Introduction
Keywords: T + 0 HTAP | distributed execution framework | support for multi-model scenarios
Hybrid transaction and analytical processing (HTAP) is a highly expected database capability. With its distributed architecture, OceanBase Database can process transactions while handling analytical tasks such as data analysis and batch processing. Online analytical processing (OLAP) and online transaction processing (OLTP) are supported by the same set of engines to implement two sets of system features. Transactions and real-time analysis are provided by the same system, and one copy of data is used for different workloads. This fundamentally ensures data consistency and minimizes data redundancy, thereby significantly reducing the costs.
HTAP Scenarios
Business scenarios of enterprise applications can be roughly classified into OLTP and OLAP.

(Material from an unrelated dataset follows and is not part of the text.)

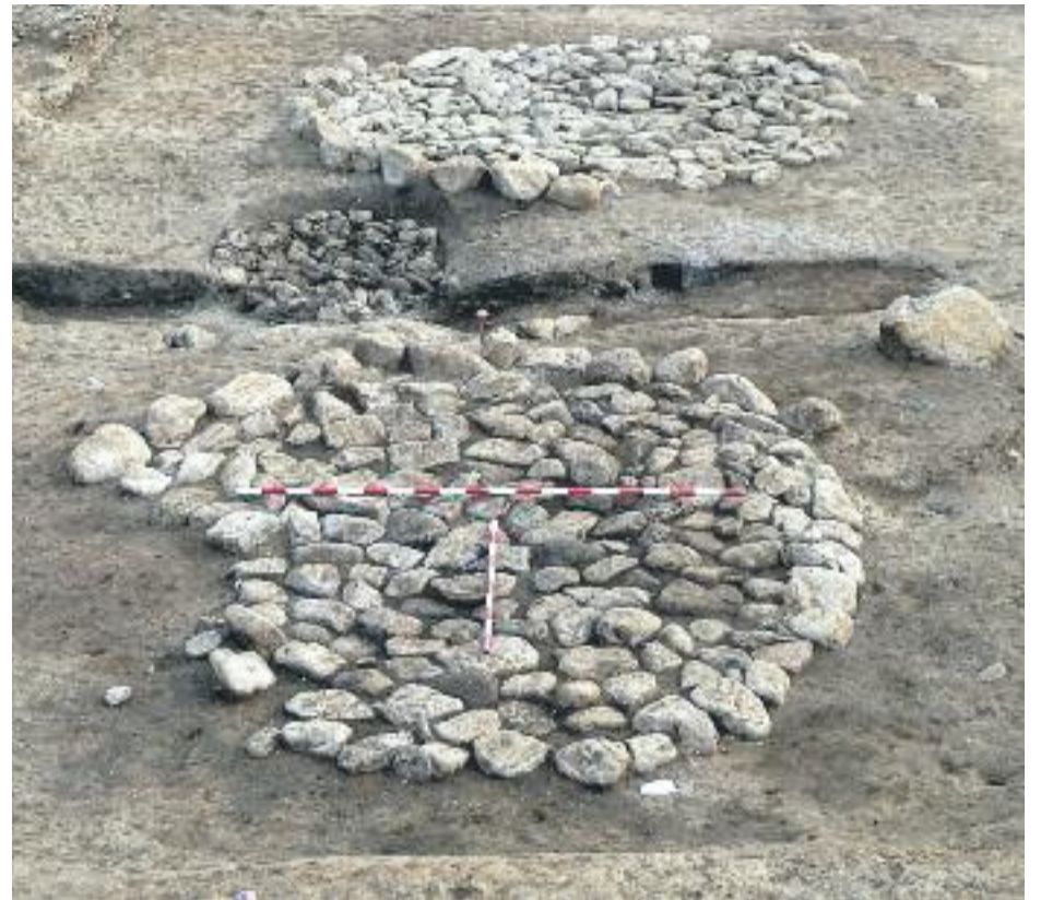
Aquest tipus de jaciment és únic a Catalunya i un dels pocs que hi ha a Espanya i a Europa.

Many enterprises tend to deploy multiple database products to support OLTP and OLAP scenarios separately. In this solution, data needs to be transmitted between two systems. Data synchronization inevitably causes latency and introduces the risk of data inconsistency. Redundant data is generated in the two systems, increasing the storage costs.
Current Status and Challenges of the Industry
-
Poor real-time performance of offline data warehouses: Typically, an offline data warehouse can provide only T+1 data capabilities and poor data update performance. As a result, requirements such as real-time analysis and membership marketing of online business teams cannot be met in a timely manner. It is complex for small- and medium-sized enterprises to separately build a real-time data warehouse. In addition, extra manpower must be invested to maintain the data synchronization link.
-
Poor isolation of HTAP: The core of HTAP lies in supporting multiple types of loads by using one set of engines. If resource isolation cannot be ensured, the database intended for key transactions can be affected by analytical and batch processing business. This directly leads to decline of online transactions and business stability.
-
Sole capabilities of the conventional primary/standby architecture: In the read/write splitting solution based on primary/standby replication, a standby node can process only read-only queries and does not support batch processing. The real-time data performance is closely related to the synchronization latency. Real-time data consistency cannot be ensured in the case of a large number of transactions or DDL operations. The SQL optimizer has limited capabilities and is incompetent for complex multi-table analysis across shards.
Solution
-
OceanBase Migration Service (OMS), which supports multi-table aggregation and synchronization, is used to synchronize data from tables of a heterogeneous database to native partitioned tables of OceanBase Database.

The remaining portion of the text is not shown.